Jennifer A. Richeson is the Philip R. Allen Professor of Psychology at Yale University. For over 20 years, she has conducted research on the social psychology of cultural diversity. Specifically, she examines processes of mind and brain that influence the ways in which people experience diversity, with a primary focus on the dynamics that create, sustain, and sometimes challenge societal inequality. Much of her recent research considers the political consequences of the increasing racial/ethnic diversity of the United States. Richeson also investigates how people reason about and respond to different forms of inequality and the implications of such processes for detecting and confronting injustice.

Professor Richeson is an elected member of both the National Academy of Sciences and the American Academy of Arts and Sciences. Her empirical and theoretical work has been published in numerous scholarly journals and popular publications. In 2006, she was named one of 25 MacArthur “Genius” Fellows for her work "highlighting and analyzing major challenges facing all races in America and in the continuing role played by prejudice and stereotyping in our lives," and, in 2019 she received an honorary doctorate from Brown University for work that “expands the boundaries of knowledge on interracial interaction and the living contexts of diversity.”

Richeson was born and raised in Baltimore, MD. She earned her Bachelor of Science in psychology from Brown University, and MA and PhD in social psychology from Harvard University. Prior to joining the Yale faculty in 2016, Richeson held faculty appointments at Northwestern University and Dartmouth College.

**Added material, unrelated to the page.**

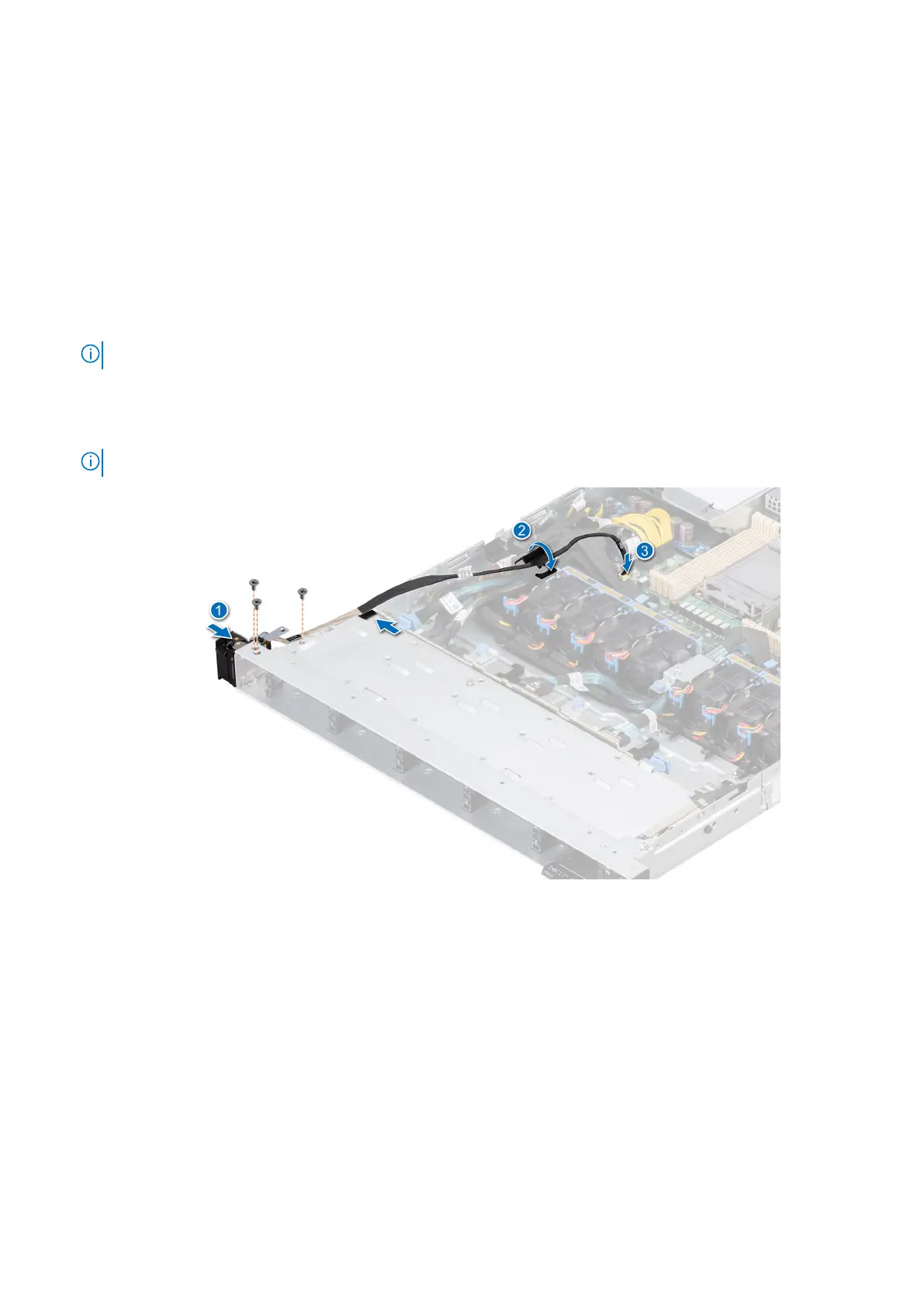 1. Route the control panel cable through the cable clip, the guide slots in the system and connector on system board.

Through her teaching and research, Richeson hopes to contribute to a better understanding of intergroup relations, including how best to foster culturally diverse environments that are both cohesive and just.

 

Abstract

Our perceptions of, beliefs about, and solutions for, racial inequality in the United States are shaped, at least in part, by a mythology of racial progress. Central to this mythology is the dominant narrative that American society has achieved substantial gains toward racial equality, and is automatically, perhaps naturally, continuing to make steady, linear progress toward the same. In this talk, I argue that our fidelity to this narrative elicits a persistent pattern of willful ignorance regarding some present-day racial disparities, including the wealth gap between Black and White Americans. I will illuminate some of the psychology that sustains the narrative as well as some of the consequences of efforts to disrupt it. Implications of the mythology of racial progress for efforts to engender actual racial equity in contemporary society will be discussed.